Мемориал Достоевского — это всего лишь несколько улочек и переулков, это участок с квадратный километр, окруженный быстро растущим городом с современными, известными в стране заводами, с новыми благоустроенными корпусами курорта. Это город со всеми его благами — с канализацией, водопроводом, газом, паровым отоплением. От сонного захолустья почти ничего не осталось, да и мемориал тоже, если судить строго, не схож с тем, что было при Достоевском.

Но прошлое хоть как-то можно здесь представить.

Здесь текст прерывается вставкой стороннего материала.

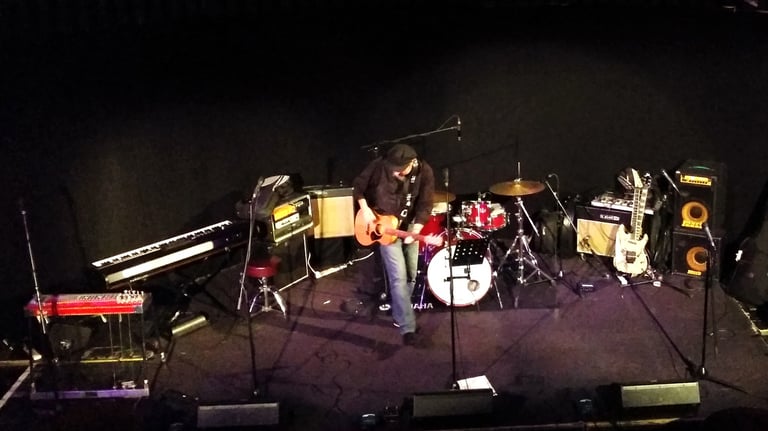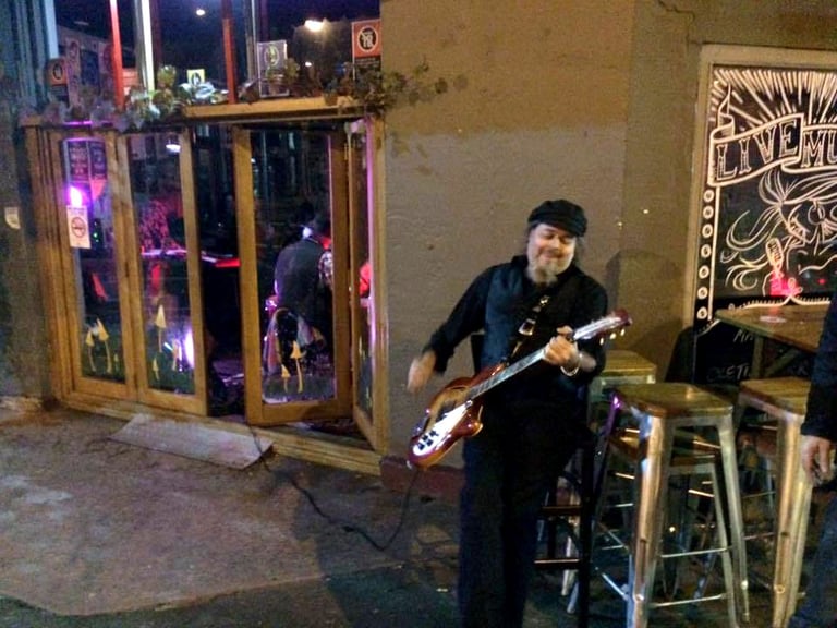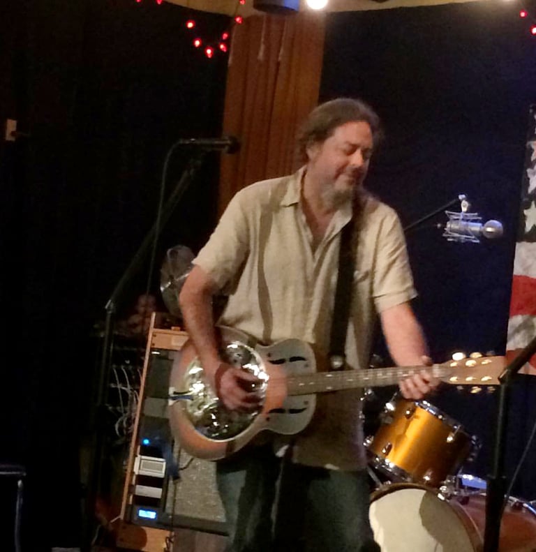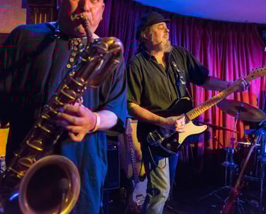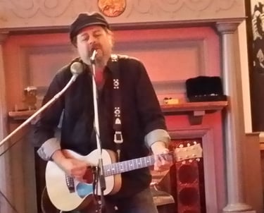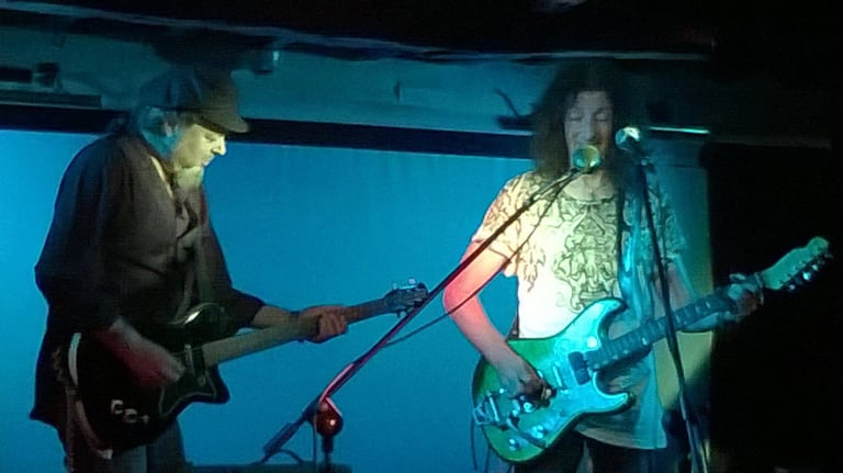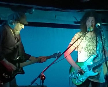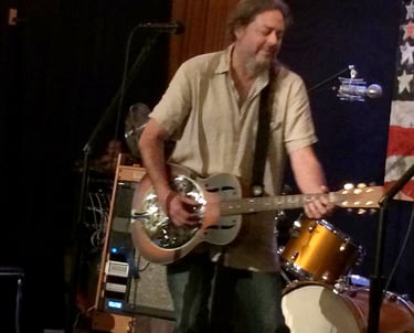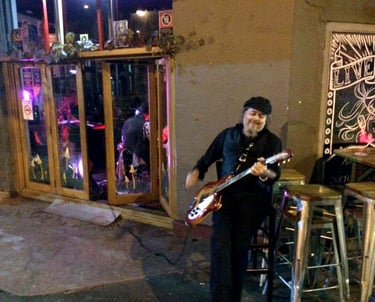 2015. Katoomba NSW Australia. Hotel Blue, with my 120th incarnation of " The Cletis Carr Band." That's former Nick Lowe drummer Peter Wale behind me. Photo by Victor Zubakin.

Хотя бы довоенное, знакомое мне; оно еле слышной мелодией возникало в этих проулках.

…Каждый вечер с курорта неслась музыка. Приезжал оркестр Ленинградской филармонии, и летние вечера были пронизаны музыкой. Русса разделилась на курорт и город. Курорт — это был парк, неторопливое кружение взрослых, шум фонтанов, купальни, а город — это рыночная площадь, базар, стук пролеток, редкие автомобили…

Центр — это каменные дома, а подальше, к Ильинской улице, двухэтажные деревянные. Но не деревенские, нет, это дома-дачи с парадными, башенками, балкончиками, изукрашенные, в тени деревьев, обязательно с садом, а в саду беседка.

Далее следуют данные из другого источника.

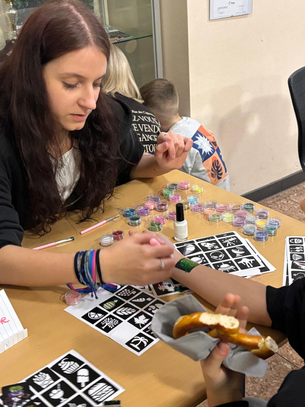 Ein strahlender Höhepunkt des Abends war das Engagement der Q3. Geduldig und kreativ zauberten die Oberstufenschülerinnen und -schüler Glitzertattoos mit märchenhaften Motiven wie Cinderella und fantasievollen Bildern von Einhörnern und Regenbögen für die Kleinen. Dazu entstanden schöne Armbänder aus bunten Steinen, jedes ein kleines Unikat.
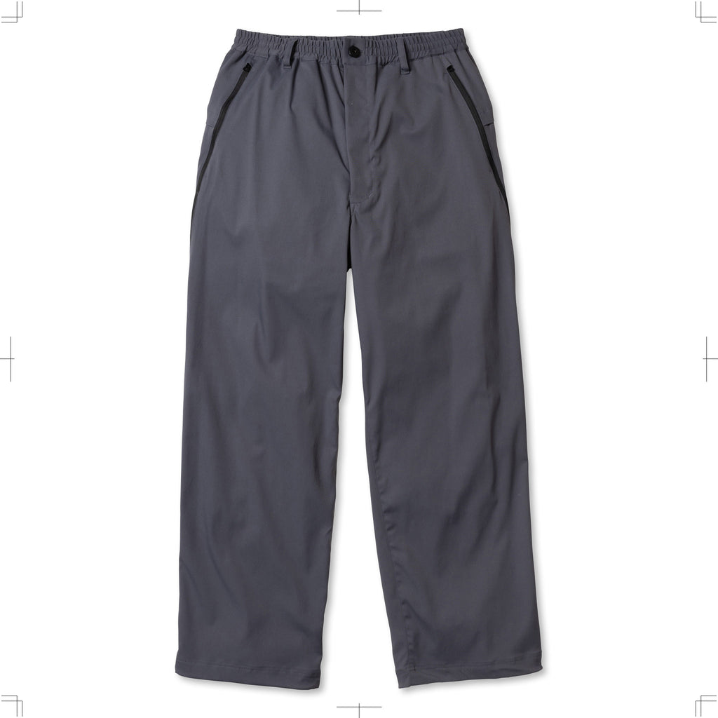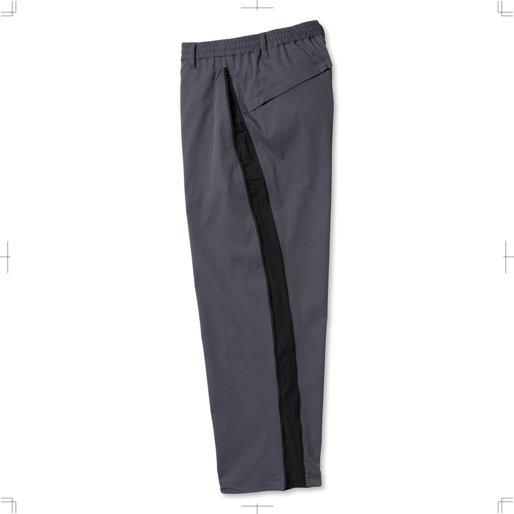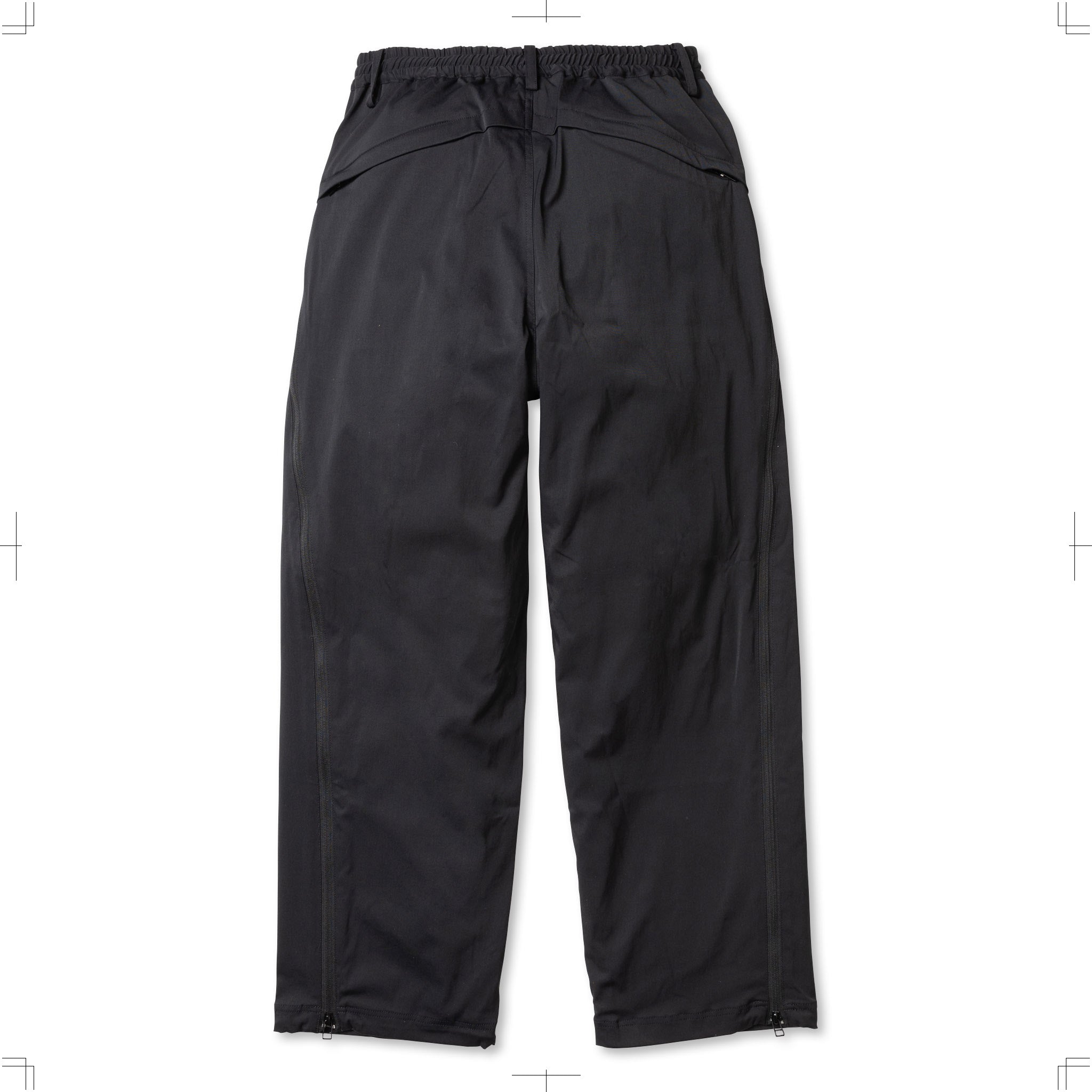 A warm-up pants made from stretch twill fabric using durable CORDURA fibers. In addition to excellent abrasion resistance, the material is also pill-resistant and washable, offering both structure and flexibility with its stretch nylon composition. The zippers on both sides allow for silhouette adjustments. The waistband features elastic, drawstrings, and belt loops. The hem is equipped with a drawcord for further silhouette adjustments.
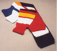 Our Hockey Socks are done in 55% polyester, 45% acrylic and are available in youth sizes of 24" long, home or away, intermediate size of 28" long, home or away and the Adult 32" long, home or away. Minimum quantity is 12 and after the first dozen they are available by the pair.Minimum imprintable quantity is 12 pair per size and the Hockey Socks are available in a variety of colors.

Во времена нэпа открылись рестораны, знаменитый тогда ресторан «Вена» с цыганами, множество лавочек, магазинчиков, лотков, павильонов, а Андриан тогда вместе с Георгием Ивановичем бегали в школу до поздней осени босиком. В тридцатые годы заработал как следует литейно-механический завод в центре города, куда поступил отец Андриана.

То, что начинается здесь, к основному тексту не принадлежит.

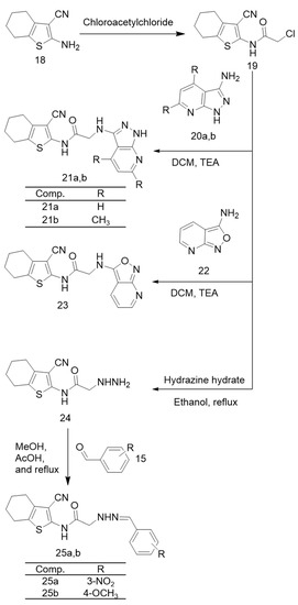 The synthetic methods for series compounds A/B and C were illustrated in Scheme 1 and Scheme 2. Compounds (11–13) were synthesized as reported in our earlier research [16]. Series A and B compounds were obtained by condensation of compounds (13a,b) with different aromatic aldehydes (Scheme 1) [17]. Scheme 2, involving the synthesis of series C, started with the reaction of 2-amino-5,6-dihydro-4H-cyclohexa[b]thiophene-3-carbonitrile (18) with chloroacetyl chloride to yield compound (19). Then, coupling of compound (19) with heteroaryl amines (20a,b and 22) [18] and hydrazine hydrate gave compounds (21a,b), (23), and (24) respectively [19]. The hydrazide derivative (24) was condensed with different aromatic aldehydes, yielding compounds (25a,b) [17].

Были бандиты-гастролеры из Ленинграда, и был их гроза — знаменитый на весь город милиционер Козловский.

А в домах были залы, крашеные дощатые полы, устланные ткаными полосатыми половиками. Варили варенье в медных тазах, мололи ячменный кофе, зачитывались Пантелеймоном Романовым, Малашкиным, Мариенгофом. Пели граммофоны: Изабелла Юрьева, Козин, молодой Утесов. На вечеринках еще распевали «Кирпичики», «У самовара», «Караван», на демонстрациях пели «Все выше», «Смело, товарищи…», в клубе приезжие ленинградцы показывали модные танцы: вальс-бостон, румбу. Пионеры шагали по главным улицам под барабан, красный галстук был нашей заветной мечтой, а комсомольцы в юнгштурмовках, с ремнем через плечо казались недостижимо прекрасными. К дальним улицам тянули электроосвещение, стояли очереди за керосином, за калошами, за мылом.

Выносили на чердаки и в чуланы комплекты старых журналов, собрания сочинений Мельникова-Печерского, Шелера-Михайлова, Загоскина, которые почему-то были чуть ли не во всех домах.

Приемники были редкостью, телефоны стояли только в учреждениях, в кино ходили нечасто. Что же делали по вечерам? Теперь это непонятно…

У гостиного двора Георгий Иванович, тогда мальчонка, торговал пирожками.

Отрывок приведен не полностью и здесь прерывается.